Each line in the material below, starting at the one that contains "Ένας κόσμος γεμάτος" and ending at the one that contains "Beim geräumigen Bad", should be repeated exactly; the pictures should not.

▸ **Extracted information**:
-----

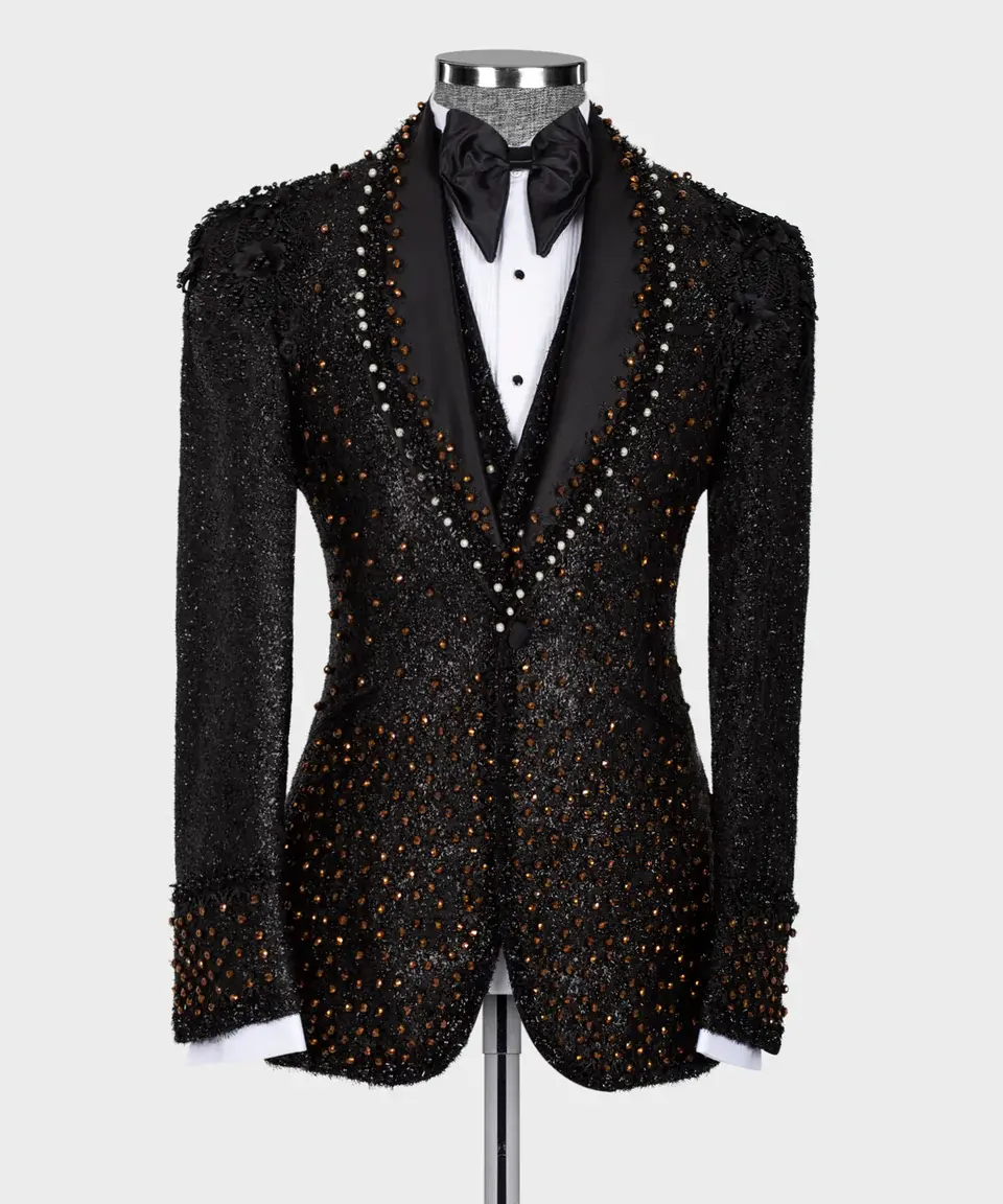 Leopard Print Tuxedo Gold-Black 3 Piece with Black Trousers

-----

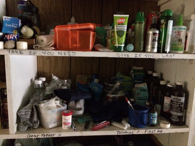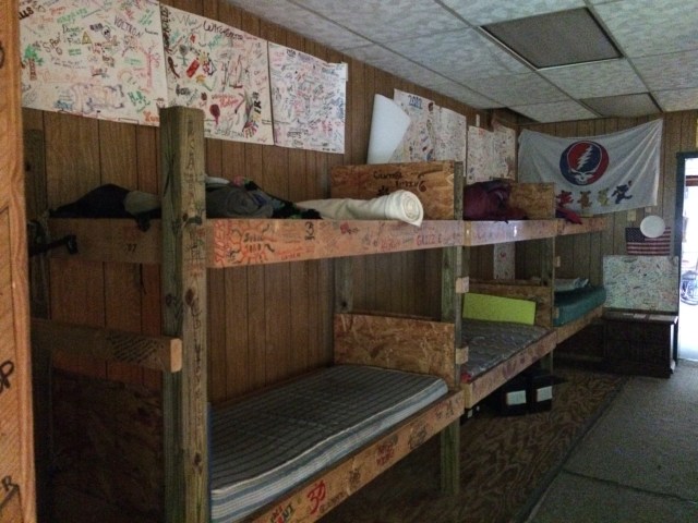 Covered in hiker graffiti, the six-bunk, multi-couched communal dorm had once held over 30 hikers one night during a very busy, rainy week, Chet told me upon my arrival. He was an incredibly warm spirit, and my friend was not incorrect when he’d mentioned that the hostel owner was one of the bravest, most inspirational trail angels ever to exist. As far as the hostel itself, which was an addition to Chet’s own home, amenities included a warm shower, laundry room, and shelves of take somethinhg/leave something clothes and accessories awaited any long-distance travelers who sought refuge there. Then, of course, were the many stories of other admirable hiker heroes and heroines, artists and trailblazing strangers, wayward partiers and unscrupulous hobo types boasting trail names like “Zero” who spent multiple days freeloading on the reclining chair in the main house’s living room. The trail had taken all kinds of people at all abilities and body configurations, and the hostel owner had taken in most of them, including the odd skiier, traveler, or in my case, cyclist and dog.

-----

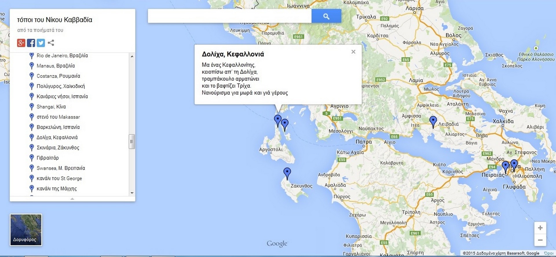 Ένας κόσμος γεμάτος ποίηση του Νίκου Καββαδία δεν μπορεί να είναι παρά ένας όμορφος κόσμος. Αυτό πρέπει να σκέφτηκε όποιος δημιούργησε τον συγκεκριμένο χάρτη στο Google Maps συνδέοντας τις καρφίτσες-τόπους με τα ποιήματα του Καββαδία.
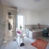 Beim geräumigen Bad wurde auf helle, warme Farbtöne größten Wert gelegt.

-----

▸ **Problem solution**:
 Ένας κόσμος γεμάτος ποίηση του Νίκου Καββαδία δεν μπορεί να είναι παρά ένας όμορφος κόσμος. Αυτό πρέπει να σκέφτηκε όποιος δημιούργησε τον συγκεκριμένο χάρτη στο Google Maps συνδέοντας τις καρφίτσες-τόπους με τα ποιήματα του Καββαδία.
 Beim geräumigen Bad wurde auf helle, warme Farbtöne größten Wert gelegt.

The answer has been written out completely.